■ Task goal: Within the records below is a range that opens at the line with "На дневном графике" and closes at the line with "For someone working". Return that range word for word, both ends included, and only that range.

■ Data for review:
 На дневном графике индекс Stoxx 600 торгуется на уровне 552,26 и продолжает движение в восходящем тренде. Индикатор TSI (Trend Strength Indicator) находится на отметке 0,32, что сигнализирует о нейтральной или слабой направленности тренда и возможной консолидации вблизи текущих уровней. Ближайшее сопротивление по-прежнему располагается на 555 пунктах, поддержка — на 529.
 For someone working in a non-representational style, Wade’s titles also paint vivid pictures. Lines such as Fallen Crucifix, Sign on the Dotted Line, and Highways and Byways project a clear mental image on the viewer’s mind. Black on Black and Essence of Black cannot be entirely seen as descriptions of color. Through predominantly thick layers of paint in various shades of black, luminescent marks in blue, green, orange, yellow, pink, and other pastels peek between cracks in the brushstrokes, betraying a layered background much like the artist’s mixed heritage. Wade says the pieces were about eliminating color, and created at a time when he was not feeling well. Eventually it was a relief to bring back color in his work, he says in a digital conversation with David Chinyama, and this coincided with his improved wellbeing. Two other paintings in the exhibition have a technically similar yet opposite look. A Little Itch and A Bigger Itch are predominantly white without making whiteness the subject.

--

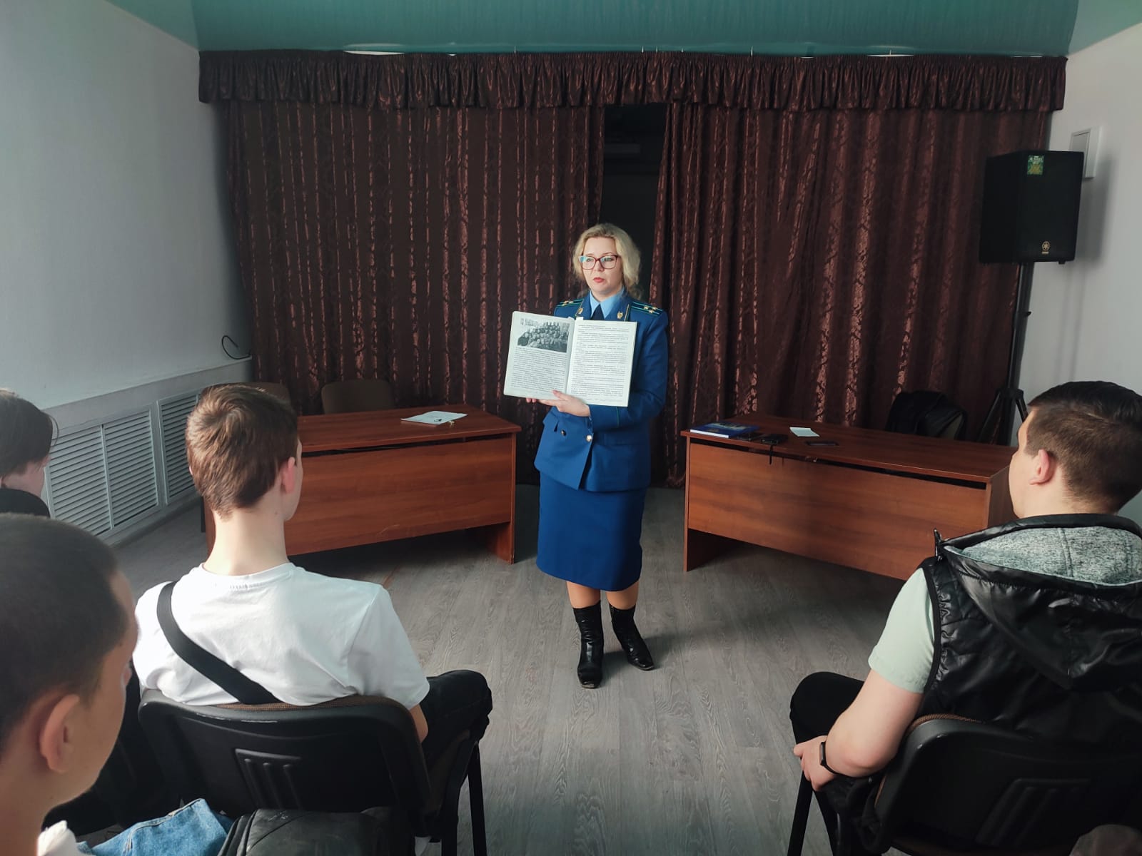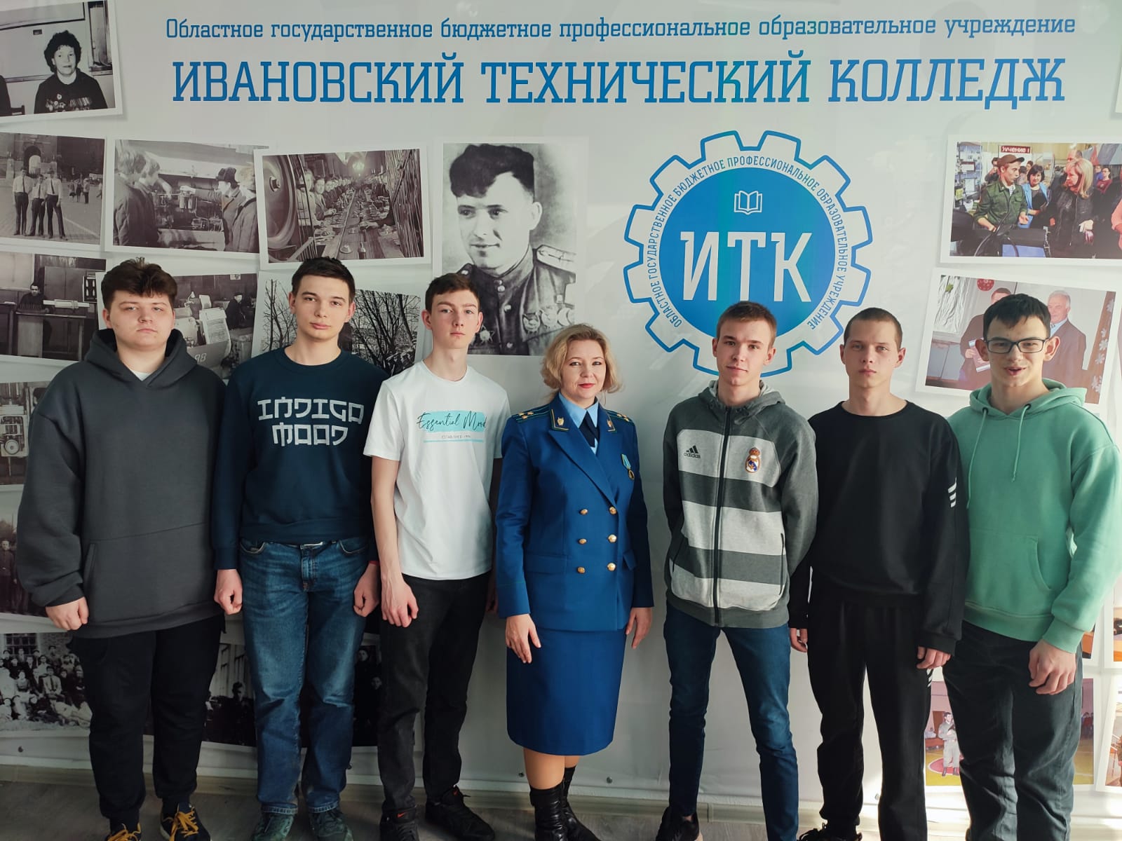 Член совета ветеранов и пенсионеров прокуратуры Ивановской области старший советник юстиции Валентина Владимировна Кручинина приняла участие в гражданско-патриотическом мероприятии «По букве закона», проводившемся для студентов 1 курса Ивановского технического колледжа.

---

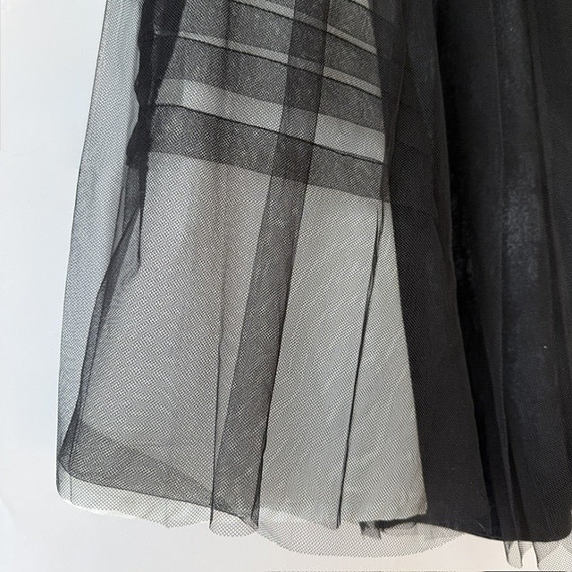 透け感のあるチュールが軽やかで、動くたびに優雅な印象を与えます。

■ Task response:
 На дневном графике индекс Stoxx 600 торгуется на уровне 552,26 и продолжает движение в восходящем тренде. Индикатор TSI (Trend Strength Indicator) находится на отметке 0,32, что сигнализирует о нейтральной или слабой направленности тренда и возможной консолидации вблизи текущих уровней. Ближайшее сопротивление по-прежнему располагается на 555 пунктах, поддержка — на 529.
 For someone working in a non-representational style, Wade’s titles also paint vivid pictures. Lines such as Fallen Crucifix, Sign on the Dotted Line, and Highways and Byways project a clear mental image on the viewer’s mind. Black on Black and Essence of Black cannot be entirely seen as descriptions of color. Through predominantly thick layers of paint in various shades of black, luminescent marks in blue, green, orange, yellow, pink, and other pastels peek between cracks in the brushstrokes, betraying a layered background much like the artist’s mixed heritage. Wade says the pieces were about eliminating color, and created at a time when he was not feeling well. Eventually it was a relief to bring back color in his work, he says in a digital conversation with David Chinyama, and this coincided with his improved wellbeing. Two other paintings in the exhibition have a technically similar yet opposite look. A Little Itch and A Bigger Itch are predominantly white without making whiteness the subject.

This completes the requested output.